Document number	P3223R1
Date	2024-07-03
Project	Programming Language C++, Library Evolution Working Group
Reply-to	Jonathan Wakely <cxx@kayari.org>

Making std::istream::ignore less surprising

Revision History

Changes in R1:

Extend discussion to avoid implicit assumptions about to_int_type details.
Adjust proposed wording to add Constraints: to the new overload.
Adjust title to be specific to std::istream not std::basic_istream.

Introduction

std::istream::ignore(n, delim) has surprising behaviour if delim is a char with a negative value. We can remove the surprise and make code more robust.

Discussion

Passing a char to std::istream::ignore as the delimiter is a bug. The delimiter argument should be an int_type value, so correct code must do is.ignore(n, std::char_traits<char>::to_int_type(delim)) instead. There is no guarantee that an implicit conversion from a char value to int_type yields the same value as calling to_int_type. On platforms where char is signed, if the value of EOF fits in char then there is always at least one char value (the one equal to EOF) that cannot be used as a delimiter to std::istream::ignore, because c == to_int_type(c) is false.

For example, on a platform where char is signed, EOF equals -1, and the literal encoding is ISO-8859-1 or Windows-1252, the call is.ignore(n, 'ÿ') will never match the delimiter, because 'ÿ' == EOF is true.

In theory, the to_int_type mapping could be ~c or c + 256, where the former means that most char values will match unintended characters, and the latter means that no char value passed directly to ignore will ever match. In practice, real implementations use a more straightforward mapping, such that calling to_int_type(c) is equivalent to (int)(unsigned char)c and iostream functions that take an int_type argument expect values between -1 and 255. This matches how the C functions like isalpha(int) and toupper(int) work. So for all known implementations, an implicit conversion from char to int_type is incorrect for any negative char value.

Detailed discussion

This section assumes an implementation where to_int_type is equivalent to casting to unsigned char, but even for a hypothetical implementation where that isn't true, is.ignore(n, ch) is still wrong in general, as shown above.
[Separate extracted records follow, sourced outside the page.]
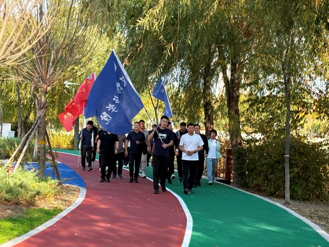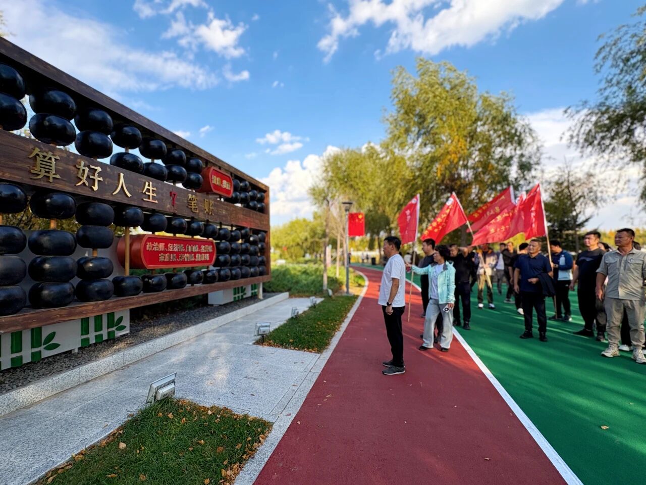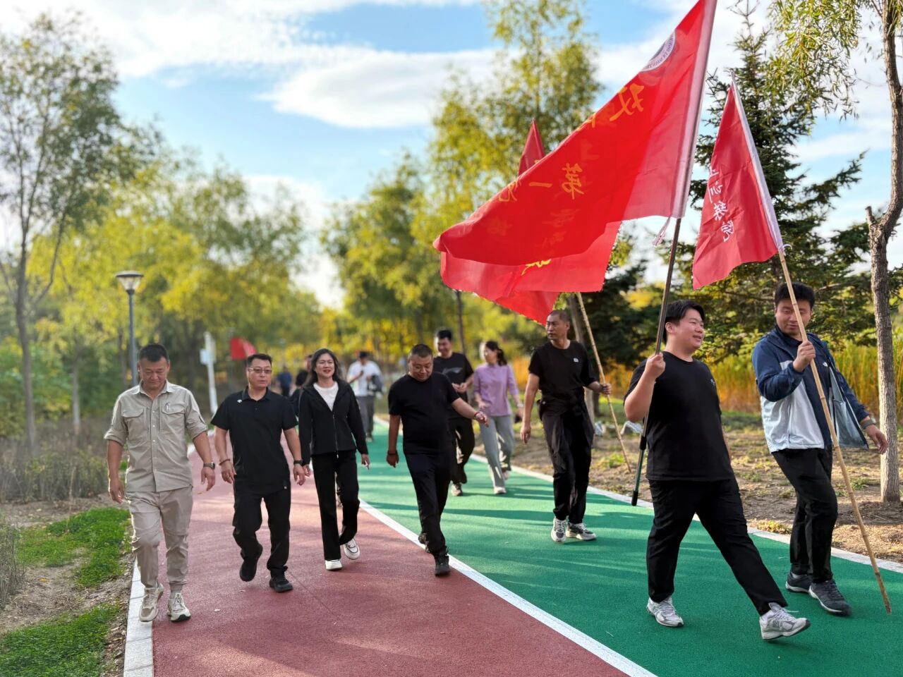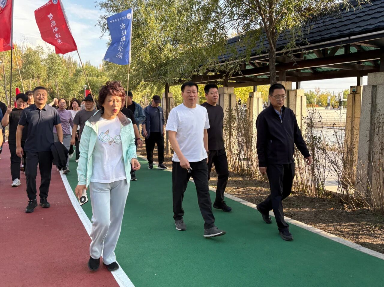 秋高气爽,阳光和煦。教职工们身着休闲运动装,精神饱满地以部门为单位在起点处有序集结。随着出发指令响起,大家迈着矫健的步伐,沿预定路线行进。途中彼此鼓励、谈笑风生,既领略了沿途的自然风光,也在轻松愉快的氛围中加深了同事情谊。行至中途的“廉洁文化园”,队伍驻足参观。教职工们认真观摩园内的廉洁主题雕塑,仔细品读廉政箴言展板,并不时交流心得体会,在沉浸式参观中进一步强化了廉洁从教、清廉修身的意识,实现了“健身”与“育廉”的有机融合。
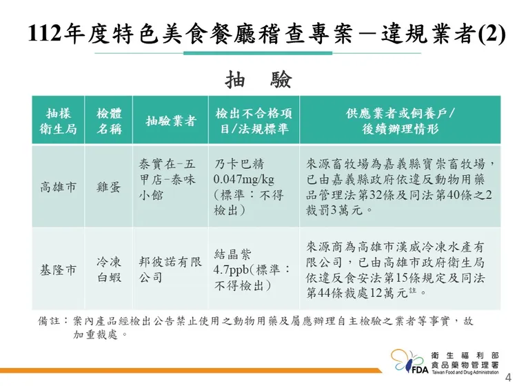 食藥署聯合地方政府衛生局啟動「2023年度特色美食餐廳稽查專案」,針對相關餐飲業者進行稽查,查核食品業者登錄、產品責任險、環境及人員衛生等,共計206家,今日公布執行結果,其中2件食材(冷凍白蝦及雞蛋)檢出動物用藥殘留與規定不符。
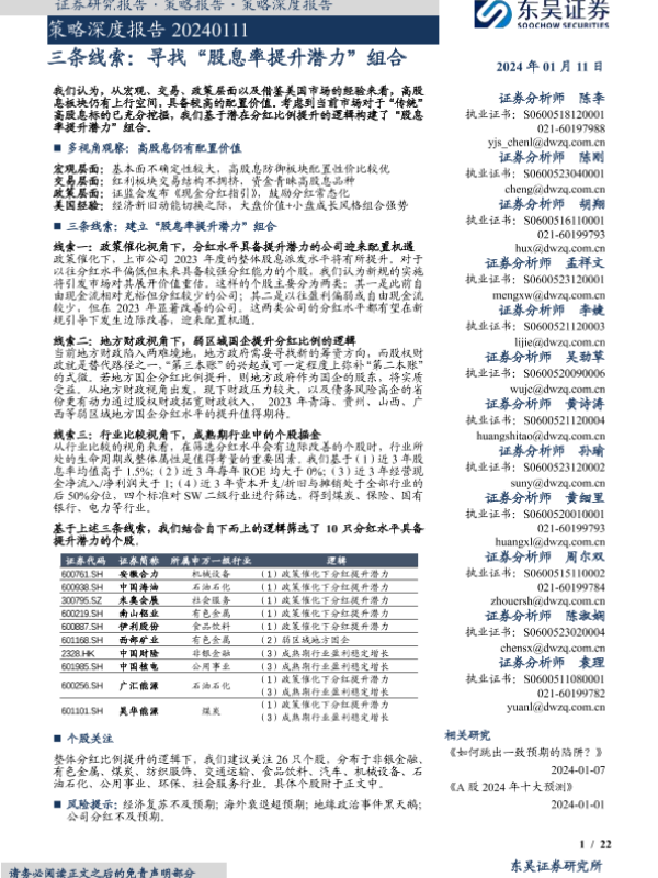 【东吴证券】【20240111】策略深度报告:三条线索:寻找“股息率提升潜力”组合-22页 行业研究
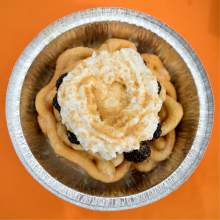 It sells a variety of funnel cakes and toppings, from the traditional with powdered sugar to strawberries and cream, peanut butter s'mores or salted caramel. Savory options include the Southwestern taco, with seasoned ground beef, lettuce and cheese, and the red curry pulled pork, with cream vinegar apple and cabbage slaw. Prices range from $5.99 to $8.99.
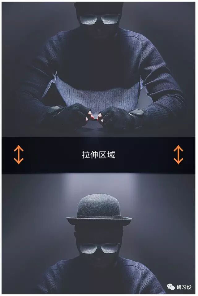 为了让版面显得更加丰富,这里采用国外较常见的处理方式让画面更加具有形式感,将一张照片通过裁剪的方式拆分成两张画面,这里需要注意的是尽量让两张图片产生差异性。(这与上方“改变传递的主题”的原理相似)而中间缺少的部分通过拉伸边缘的方式补全。

A delim value passed to std::istream::ignore is matched using traits_type::eq_int_type(rdbuf()->sgetc(), delim). The sgetc() function never returns negative values (except at EOF). It extracts a character c from the input sequence and then calls traits_type::to_int_type(c) to convert it to int_type, which produces a non-negative value. So if delim is negative, then the eq_int_type comparison always fails.

The std::char_traits<char>::to_int_type(char c) function converts the character c to a non-negative integer, as if by (int)(unsigned char)c. This allows the value (int_type)-1 to be reserved for EOF without worrying about whether char is signed and whether (char)-1 can equal EOF. But it means that any code dealing with raw char values from the stream must consistently use to_int_type to convert the (possibly negative) char value into a non-negative int_type so that all characters are represented in the same form and can be compared like-for-like.

So if a negative delimiter char can never match, this means that users should call std::cin.ignore(n, std::char_traits<char>::to_int_type(c)) or std::cin.ignore(n, (unsigned char)c) in case char is signed on their platform, and c happens to have the most significant bit set, i.e., is a negative value. For example, on a typical x86_64 Linux system where char is signed, std::cin.ignore(std::numeric_limits<std::streamsize>::max(), '\x80') will always discard all input up to EOF, even if \x80 is present in the input.

Writing correct code is unnecessarily hard

In generic code that works with streams of either char or wchar_t you need to use the more verbose to_int_type form rather than casting to unsigned char, because casting a wchar_t to unsigned char would be wrong. That's unfortunate, because std::char_traits<wchar_t>::to_int_type doesn't have the same "cast to unsigned" behaviour, and so passing a wchar_t directly to std::wistream::ignore without conversion works correctly. But to work with both char and wchar_t, generic code must assume the worst and defend against the signed char trap.

Even in non-generic code that only works with char, you still need to remember that the trap exists, and remember to avoid it. It's rare that I see anybody get that right for std::isalpha(c) et al, and I wasn't even aware of the need to do it for ignore until this week.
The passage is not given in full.